Content starts

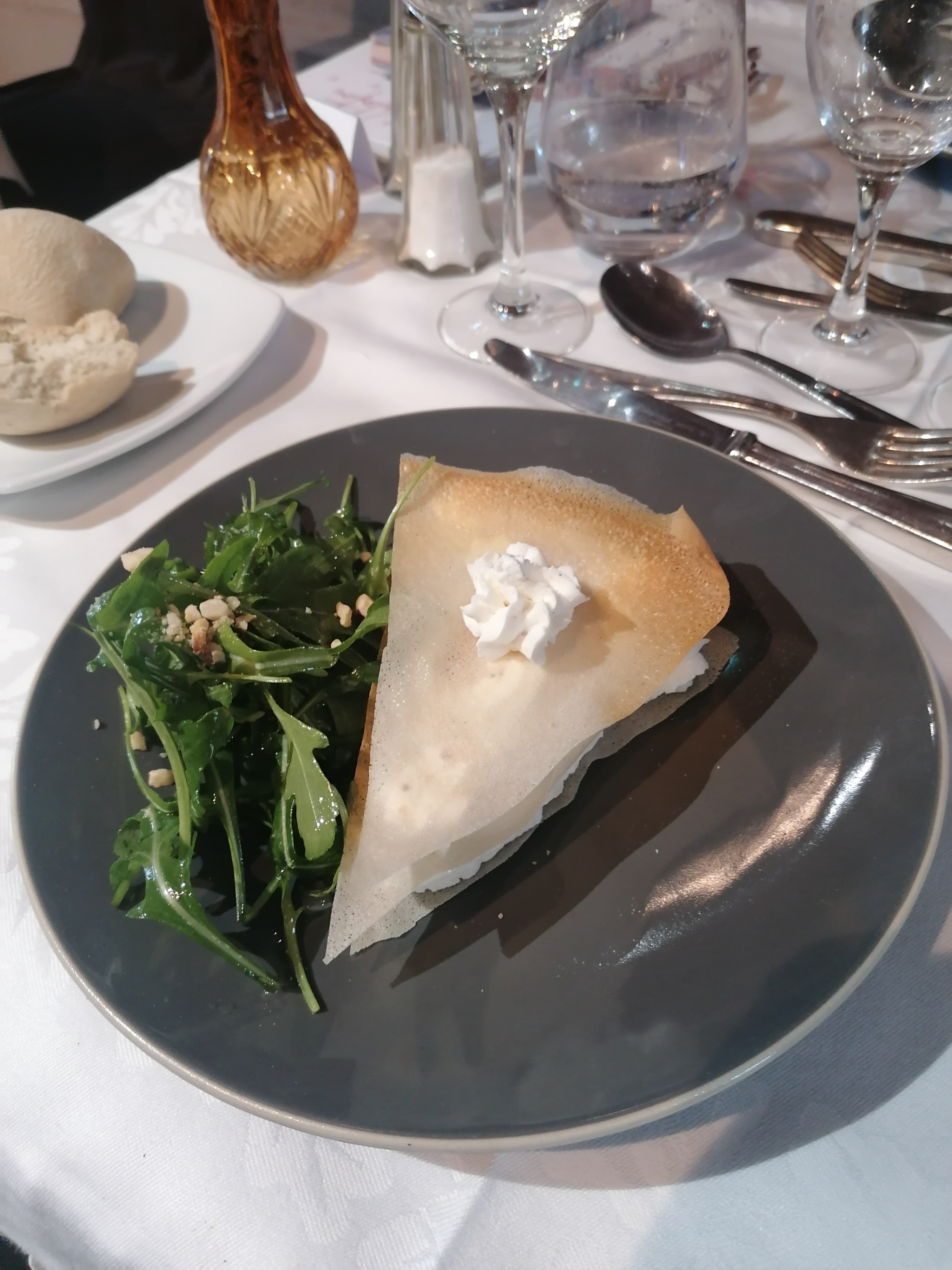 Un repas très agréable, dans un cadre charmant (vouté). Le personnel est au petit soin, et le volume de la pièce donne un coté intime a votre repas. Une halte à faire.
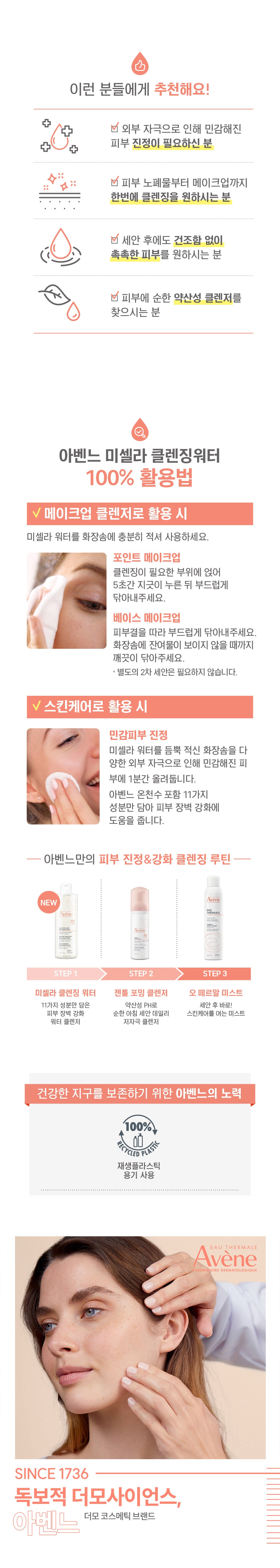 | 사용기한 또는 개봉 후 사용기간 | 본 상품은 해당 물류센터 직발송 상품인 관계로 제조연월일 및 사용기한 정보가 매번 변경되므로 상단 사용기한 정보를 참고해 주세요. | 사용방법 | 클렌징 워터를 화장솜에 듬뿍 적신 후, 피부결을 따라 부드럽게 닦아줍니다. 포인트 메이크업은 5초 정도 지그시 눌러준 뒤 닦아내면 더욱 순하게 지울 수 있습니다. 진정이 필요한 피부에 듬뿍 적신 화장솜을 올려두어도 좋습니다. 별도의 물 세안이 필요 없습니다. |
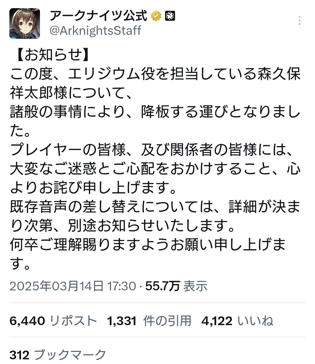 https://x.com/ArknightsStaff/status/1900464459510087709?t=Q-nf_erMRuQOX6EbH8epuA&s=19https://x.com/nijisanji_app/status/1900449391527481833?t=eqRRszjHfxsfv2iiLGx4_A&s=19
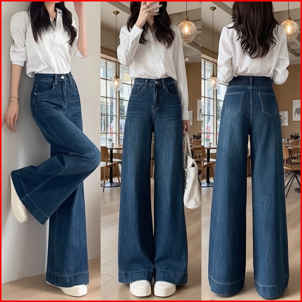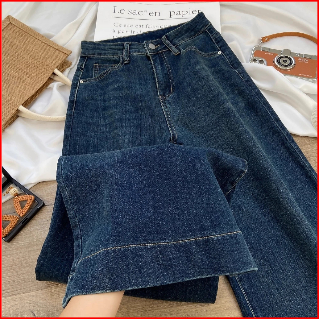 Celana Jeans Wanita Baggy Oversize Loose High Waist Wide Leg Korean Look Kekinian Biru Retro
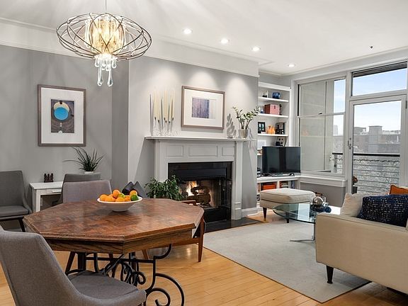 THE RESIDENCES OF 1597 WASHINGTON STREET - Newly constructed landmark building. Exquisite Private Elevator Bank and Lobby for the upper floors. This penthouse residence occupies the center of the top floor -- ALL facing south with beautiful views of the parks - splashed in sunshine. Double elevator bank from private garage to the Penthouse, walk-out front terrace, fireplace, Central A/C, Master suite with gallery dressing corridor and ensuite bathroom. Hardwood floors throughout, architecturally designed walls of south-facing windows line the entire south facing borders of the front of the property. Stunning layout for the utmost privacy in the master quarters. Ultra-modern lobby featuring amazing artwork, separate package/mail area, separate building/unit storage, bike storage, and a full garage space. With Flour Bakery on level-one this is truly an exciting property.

Content ends

* _Task goal_
Nothing should appear in the reply except the lines from the start of the listing above through the line with "Celana Jeans Wanita", repeated exactly and free of pictures.

* _Exercise answer_
 Un repas très agréable, dans un cadre charmant (vouté). Le personnel est au petit soin, et le volume de la pièce donne un coté intime a votre repas. Une halte à faire.
 | 사용기한 또는 개봉 후 사용기간 | 본 상품은 해당 물류센터 직발송 상품인 관계로 제조연월일 및 사용기한 정보가 매번 변경되므로 상단 사용기한 정보를 참고해 주세요. | 사용방법 | 클렌징 워터를 화장솜에 듬뿍 적신 후, 피부결을 따라 부드럽게 닦아줍니다. 포인트 메이크업은 5초 정도 지그시 눌러준 뒤 닦아내면 더욱 순하게 지울 수 있습니다. 진정이 필요한 피부에 듬뿍 적신 화장솜을 올려두어도 좋습니다. 별도의 물 세안이 필요 없습니다. |
 https://x.com/ArknightsStaff/status/1900464459510087709?t=Q-nf_erMRuQOX6EbH8epuA&s=19https://x.com/nijisanji_app/status/1900449391527481833?t=eqRRszjHfxsfv2iiLGx4_A&s=19
 Celana Jeans Wanita Baggy Oversize Loose High Waist Wide Leg Korean Look Kekinian Biru Retro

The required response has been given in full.